Hyper-localized carbon mineralization in diffusion-limited basalt fractures

Basalt formations could enable secure carbon sequestration through mineral trapping. CO2 injection acidifies formation brines and drives dissolution of the host rock, which releases divalent metal cations that combine with dissolved carbonate ions to form stable carbonate minerals. Here, a series of high-pressure flow-through experiments was conducted to evaluate how transport limitations and geochemical gradients drive microscale carbonation reactions in fractured basalts.
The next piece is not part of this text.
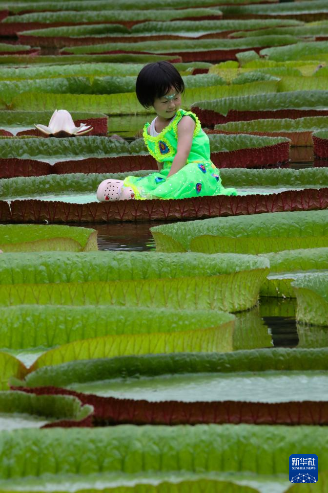 6月9日,在中国科学院西双版纳热带植物园内,小朋友坐在巨大的王莲叶片上体验“一叶当舟”。
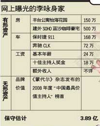 在06年被曝光的一份主持人走穴身價清單上,李詠以18萬的身價高居榜首。而后他代言某地板品牌的消息也引起爭議,節(jié)目組聲稱李詠只是跟老板合影,是品牌自己在炒作而已,堅決否認做了廣告,再加上名下價值百萬的保時捷跑車,李詠這個名字的含金量當(dāng)然讓人咋舌。在采訪中,與先前的韓喬生一樣,這些主持人都說自己沒什么錢,一個月也就一萬來塊,跟明星完全沒辦法比。話音剛落,李詠的名字又赫然出現(xiàn)在最有價值主持人排行榜榜首,可能是受金融危機影響,縮水1.1億,但總價也有3.89億。

To isolate advection- and diffusion-controlled zones, surfaces of saw-cut basalt cores were milled to create one primary flow channel adjoined by four dead-end fracture pathways. In the first experiment, a representative basalt brine (6.3 mM NaHCO3) equilibrated with CO2 (100ºC, 10 MPa) was injected at 1 mL/h under 20 MPa confining stress. The second experiment was conducted under the same physical conditions but [NaHCO3] was elevated to 640 mM, and in the third, temperature was also raised to 150ºC. Effluent chemistry was monitored via ICP-MS to infer dissolution trends and calibrate reactive transport models. Reacted cores were characterized using x-ray computed tomography (xCT), optical microscopy, scanning electron microscopy, and Raman spectroscopy. Carbonation occurred in all experiments but increased in experiments with higher alkalinity and higher temperature. At low [NaHCO3], secondary precipitate coatings formed distinct reaction fronts that varied with distance into dead-end fractures. Reactive transport modeling demonstrated that these reactions fronts were due to sharp gradients in pH and dissolved inorganic carbon. Carbonation was restricted to transport-limited vugs and pores between the confined core surfaces and was highly localized on reactive primary mineral grains (e.g. pyroxene) that contributed major divalent cations. Increasing [NaHCO3] by two orders of magnitude significantly enhanced carbonation and promoted Mg and Fe uptake into carbonates. While xCT scans revealed clays filling the advective path, no permeability changes were measured. Our coupled experiment-modeling approach further elucidates the geochemical conditions controlling carbonation reactions and extends unique microstructural observations to implications for long-term CO2 mineralization in basalt reservoirs.